═══ Data segment

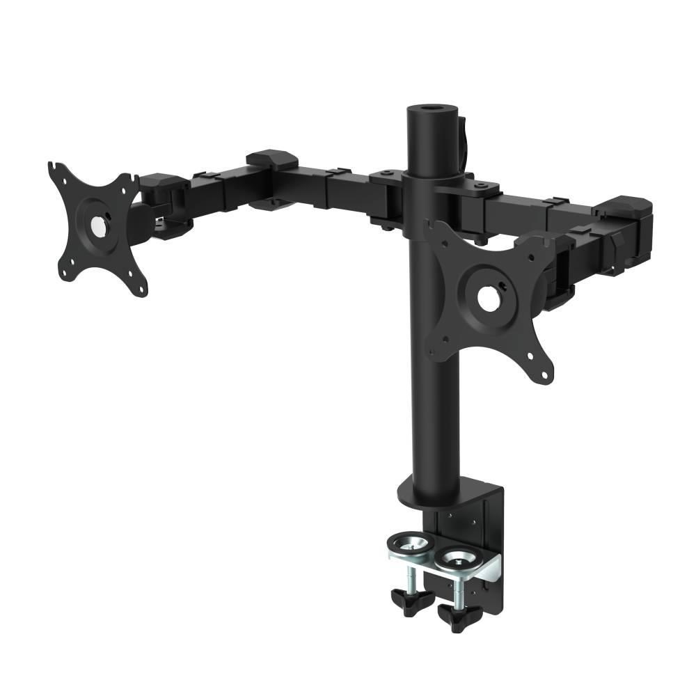 Držák je vyroben z odolné oceli a je určen k upevnění na okraj stolové desky o tloušťce 20 až 100 mm. To zajišťuje spolehlivé a pevné uchycení. Další výhodou je integrovaný systém vedení kabeláže, který pomáhá udržet pracovní plochu čistou a organizovanou. Tento držák je ideální volbou nejen pro domácí kanceláře, ale i pro náročné provozy, jako jsou školní učebny, nemocnice nebo výrobní haly.
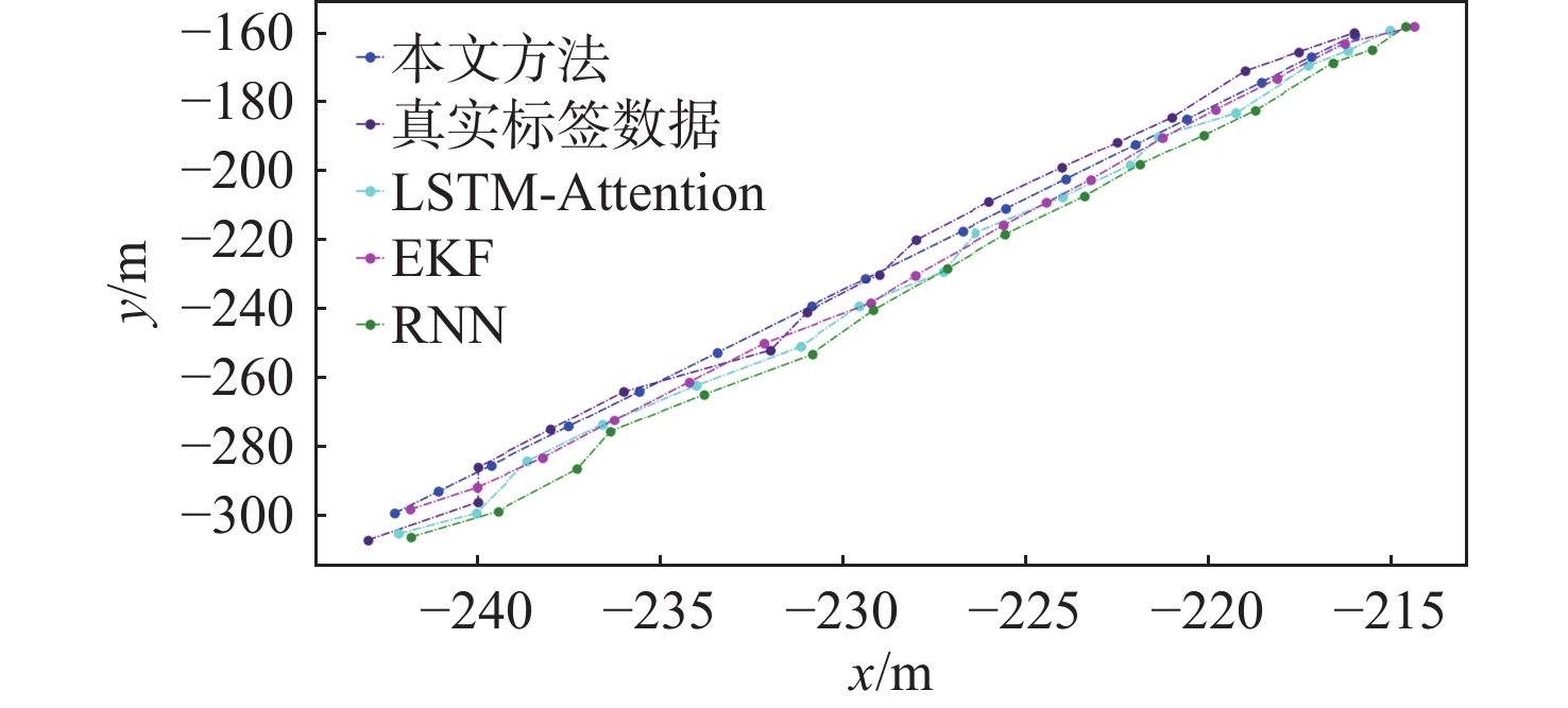 方法 MSE/m RMSE/m MAE/m 本文方法 4.2811 2.0691 2.0595 EKF 9.9745 3.1582 3.2078 LSTM-Attention 4.3775 2.0922 2.1190 RNN 4.9697 2.2293 2.4732 -
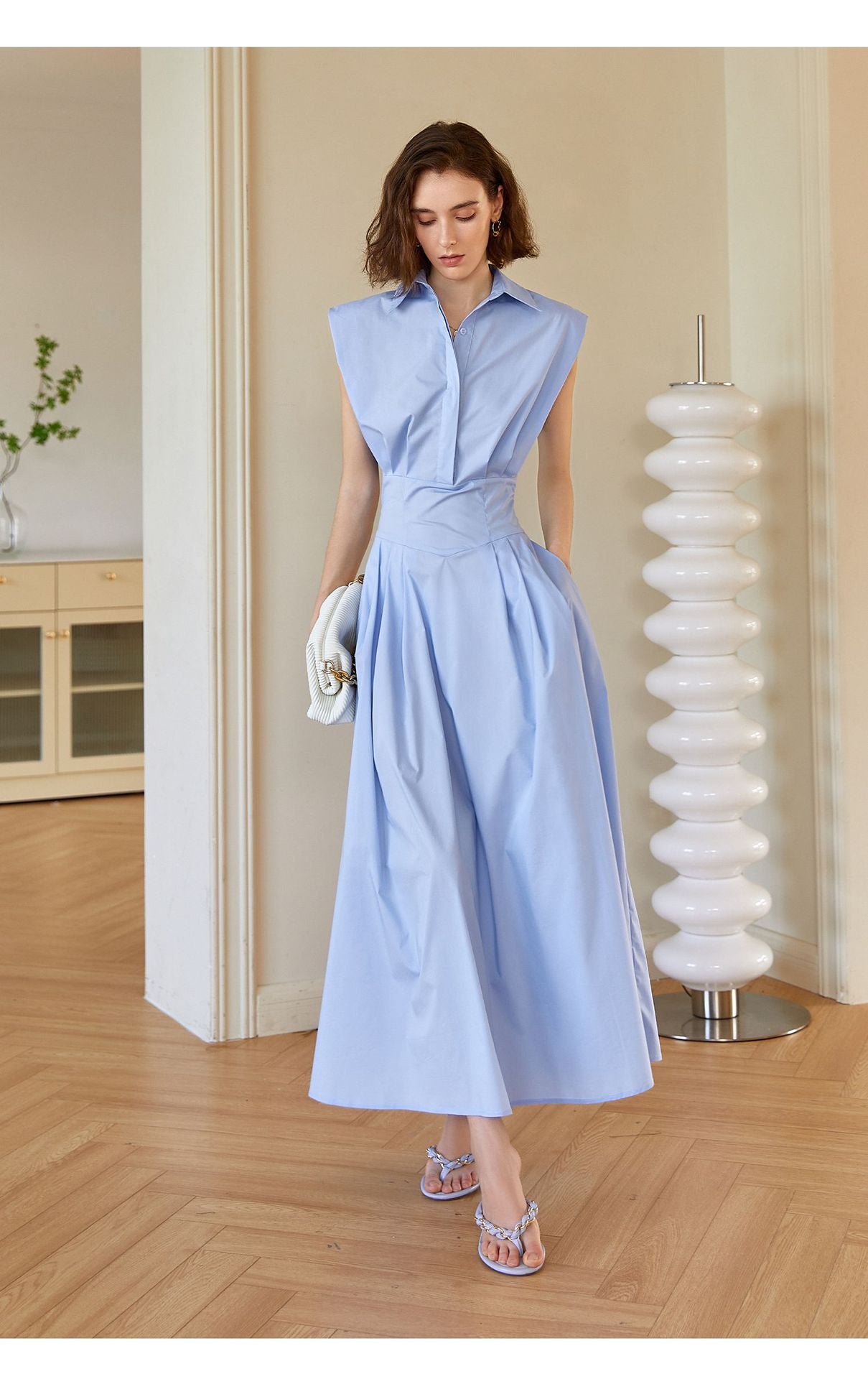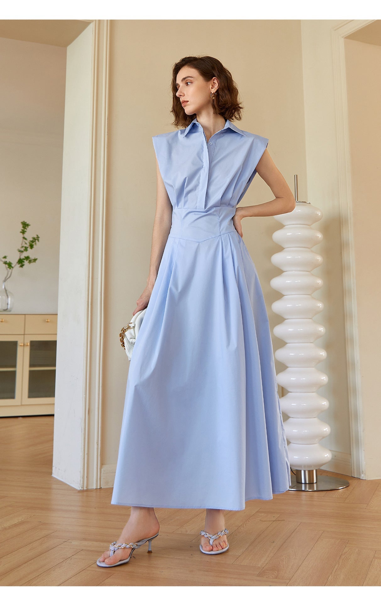Aurora Kolsuz Polo Yaka Pamuklu Maxi Elbise

══════

Goal of the exercise: With the pictures omitted, the material is to be transcribed exactly.

Exercise answer:
 Držák je vyroben z odolné oceli a je určen k upevnění na okraj stolové desky o tloušťce 20 až 100 mm. To zajišťuje spolehlivé a pevné uchycení. Další výhodou je integrovaný systém vedení kabeláže, který pomáhá udržet pracovní plochu čistou a organizovanou. Tento držák je ideální volbou nejen pro domácí kanceláře, ale i pro náročné provozy, jako jsou školní učebny, nemocnice nebo výrobní haly.
 方法 MSE/m RMSE/m MAE/m 本文方法 4.2811 2.0691 2.0595 EKF 9.9745 3.1582 3.2078 LSTM-Attention 4.3775 2.0922 2.1190 RNN 4.9697 2.2293 2.4732 -
Aurora Kolsuz Polo Yaka Pamuklu Maxi Elbise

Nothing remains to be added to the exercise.